# Data Cleaning Steps:

**Data Cleaning Steps:**

1. **Handling Missing Values**: Filling in, interpolating, or removing missing data points to ensure completeness.
   
2. **Correcting Errors**: Identifying and fixing typographical errors, incorrect values, or inconsistencies within the dataset.

3. **Removing Duplicates**: Identifying and eliminating duplicate records to avoid redundancy and ensure data accuracy.

4. **Standardizing Formats**: Ensuring consistent formats for dates, numbers, and categorical values. For example, converting all date entries to a standard format (e.g., YYYY-MM-DD).

5. **Filtering Outliers**: Identifying and addressing outliers that may indicate errors or exceptional cases that need special handling.

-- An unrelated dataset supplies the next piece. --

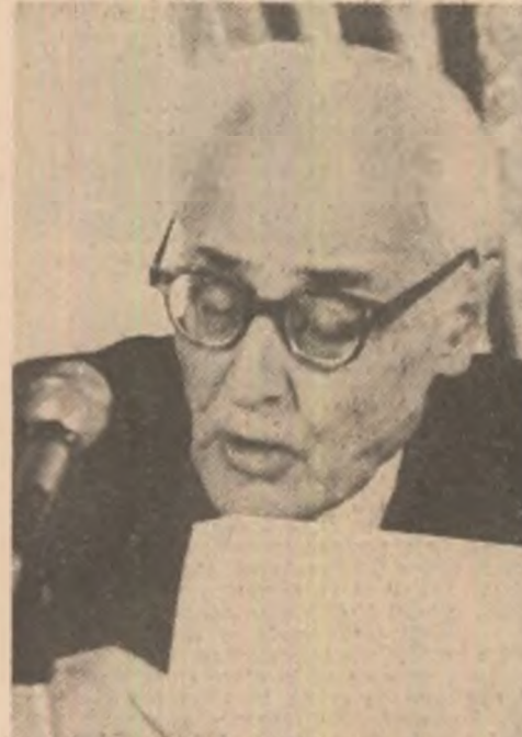
Al. Philippide sau permanența marii poezii
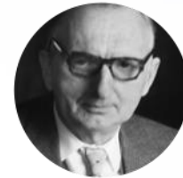
Александр Михайлович Прохоров

6. **Normalizing Data**: Transforming data into a common scale or format, which might involve scaling numerical values or converting text to a uniform case.

7. **Validating Data**: Ensuring that data adheres to defined rules or constraints, such as checking if email addresses are in the correct format.

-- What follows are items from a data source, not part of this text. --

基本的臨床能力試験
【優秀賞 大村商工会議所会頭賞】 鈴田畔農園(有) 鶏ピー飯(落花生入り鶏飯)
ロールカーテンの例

8. **Resolving Inconsistencies**: Addressing discrepancies in data entries, such as variations in naming conventions or conflicting information across records.

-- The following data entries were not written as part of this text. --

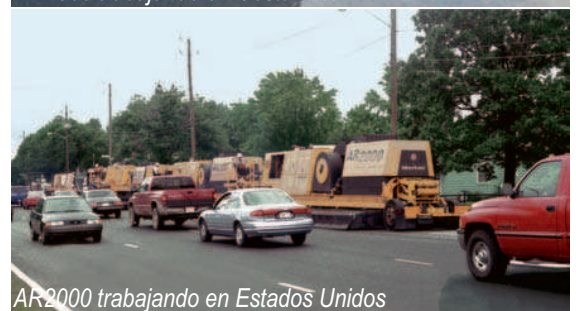
AR2000 trabajando en Estados Unidos
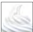
Lavado de gas pastelería fuerte
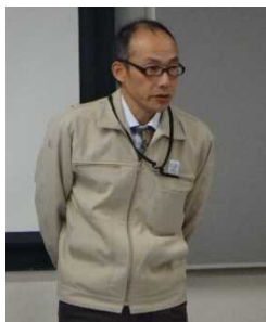
河川管理者の挨拶

9. **Consolidating Data**: Merging data from different sources or combining related fields to create a more coherent dataset.

# Imports

In [1]:
import pandas as pd
import numpy as np
import seaborn as sns
import matplotlib.pyplot as plt
from collections import Counter
import string
import os

import warnings
warnings.filterwarnings('ignore')

In [2]:
df = pd.read_csv(os.path.join("data", "heart_stroke_data.csv"))

In [3]:
df.head()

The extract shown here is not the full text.